* **Required work**
Only the lines from the first line of the entries through the line with "A unique love" belong in the answer, each restated word for word and without pictures.

* **Given data**

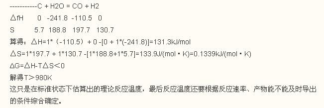 如何计算一个化学方程开始反应的温度,从ΔG=ΔH-TΔS计算?下面的第一张图中就是从ΔG=ΔH-TΔS计算,ΔH、ΔS分别代的是标况下的数值,可是在文献中看到图2的开始温度计算,用图1的方法计算不对,求解呀,在线等。各种物质的数值在《纯物质热化学数据手册》中查得到,网速慢,我就不传了 [ Last edited by ding11038 on 2013-3-10 at 14:50 ] |
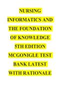 Comprehensive Nursing Informatics and the Foundation of Knowledge 5th Edition test bank 2026/2027 by McGonigle featuring complete exam style questions with verified correct answers and detailed rationales. Designed for nursing students and professionals to master nursing informatics concepts, data management, clinical decision support, healthcare technology, and knowledge based practice. Ideal for exam preparation, coursework review, and in depth understanding of modern nursing informatics found...
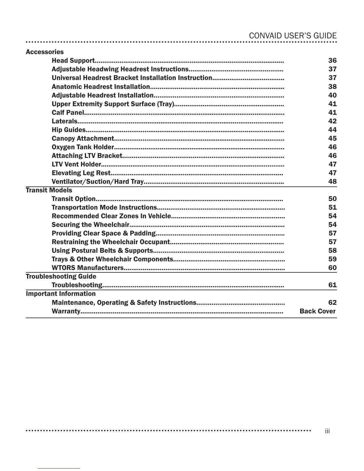 Trays & Other Wheelchair Components………………………………………………….. 59
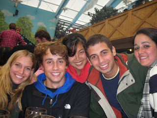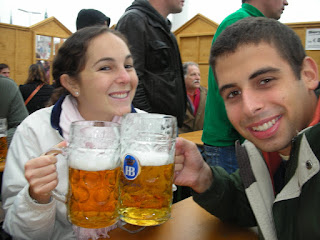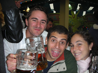 This weekend, Brandon, Andy, Jenny, and I traveled to Munich (Munchen) for Oktoberfest! There were soooo many people there and so much to see - I'm sure I'll forget some things. Anyway, we got there on Friday night pretty late, and checked into our hotel. On the way to the hotel, we saw tons of oktoberfesters on their way home, decked out in all sorts of German attire. Suspenders and shorts and knee socks for the guys, and those low-cut patterned dresses with aprons for the women. Really - all of the Germans were wearing them! And it wasn't just young idiots - a lot of the people we saw were over 40 or 50 and there with their whole families. That was our first taste, but we finally made it to our hotel. It was a 2 person room but there was a king bed and a living room so it worked out perfectly - plus we each basically paid hostel prices since we split it four ways! It was very late so nothing was open except for our hotel bar. We had our first Hefeweisbier (wheat beer) in Munich and some currywurst too. I am DEFINITELY going to start putting curry sauce in my ketchup when I eat hot dogs. I highly recommend it. We went to bed soon after to prepare for our big day.
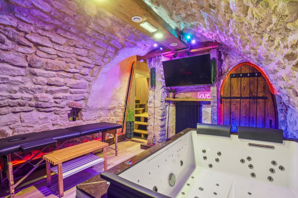 A unique love room on two levels, with a jacuzzi, hammam, sauna and massage table, for a romantic break in the heart of Paris.
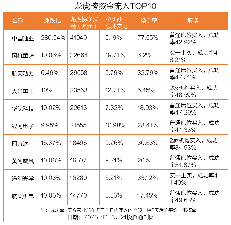 12月3日,上证指数下跌0.51%,深证成指下跌0.78%,创业板指下跌1.12%。盘后龙虎榜数据显示,共有51只个股 因当日异动登上龙虎榜,资金净流入最多的是中国铀业(001280.SZ),达4.19亿元。 据21投资通智能监测,26只个股龙虎榜出现了机构的身影,北向资金参与龙虎榜中的个股共涉及19只。 4.19亿资金抢筹中国铀业,3.62亿资金出逃平潭发展 51只上榜的龙虎榜个股中,19只个股被净买入,32只个股被净卖出。其中,资金净买入最多的是中国铀业,达 4.19亿元,占总成交金额的5.19%。中国铀业当日收盘上涨280.04%,换手率为77.55%。 | 名称 | 涨跌幅 | 龙虎榜净买 | 净买额占 | 换手率 | | --- | --- | --- | --- | --- | | | | 额(万元 | 总成交比 | | | 平潭发展 | -9.91% | -36188 | 4.12% | 37.51% | | 通宇通讯 | -2.54% | -35425 | 5.96% | 59.65% | | 南网数字 | -3.49% | -20747 | 10.07% | 38.46% | | 赛微电子 ...

* **Completed exercise**
 如何计算一个化学方程开始反应的温度,从ΔG=ΔH-TΔS计算?下面的第一张图中就是从ΔG=ΔH-TΔS计算,ΔH、ΔS分别代的是标况下的数值,可是在文献中看到图2的开始温度计算,用图1的方法计算不对,求解呀,在线等。各种物质的数值在《纯物质热化学数据手册》中查得到,网速慢,我就不传了 [ Last edited by ding11038 on 2013-3-10 at 14:50 ] |
 Comprehensive Nursing Informatics and the Foundation of Knowledge 5th Edition test bank 2026/2027 by McGonigle featuring complete exam style questions with verified correct answers and detailed rationales. Designed for nursing students and professionals to master nursing informatics concepts, data management, clinical decision support, healthcare technology, and knowledge based practice. Ideal for exam preparation, coursework review, and in depth understanding of modern nursing informatics found...
 Trays & Other Wheelchair Components………………………………………………….. 59
 This weekend, Brandon, Andy, Jenny, and I traveled to Munich (Munchen) for Oktoberfest! There were soooo many people there and so much to see - I'm sure I'll forget some things. Anyway, we got there on Friday night pretty late, and checked into our hotel. On the way to the hotel, we saw tons of oktoberfesters on their way home, decked out in all sorts of German attire. Suspenders and shorts and knee socks for the guys, and those low-cut patterned dresses with aprons for the women. Really - all of the Germans were wearing them! And it wasn't just young idiots - a lot of the people we saw were over 40 or 50 and there with their whole families. That was our first taste, but we finally made it to our hotel. It was a 2 person room but there was a king bed and a living room so it worked out perfectly - plus we each basically paid hostel prices since we split it four ways! It was very late so nothing was open except for our hotel bar. We had our first Hefeweisbier (wheat beer) in Munich and some currywurst too. I am DEFINITELY going to start putting curry sauce in my ketchup when I eat hot dogs. I highly recommend it. We went to bed soon after to prepare for our big day.
 A unique love room on two levels, with a jacuzzi, hammam, sauna and massage table, for a romantic break in the heart of Paris.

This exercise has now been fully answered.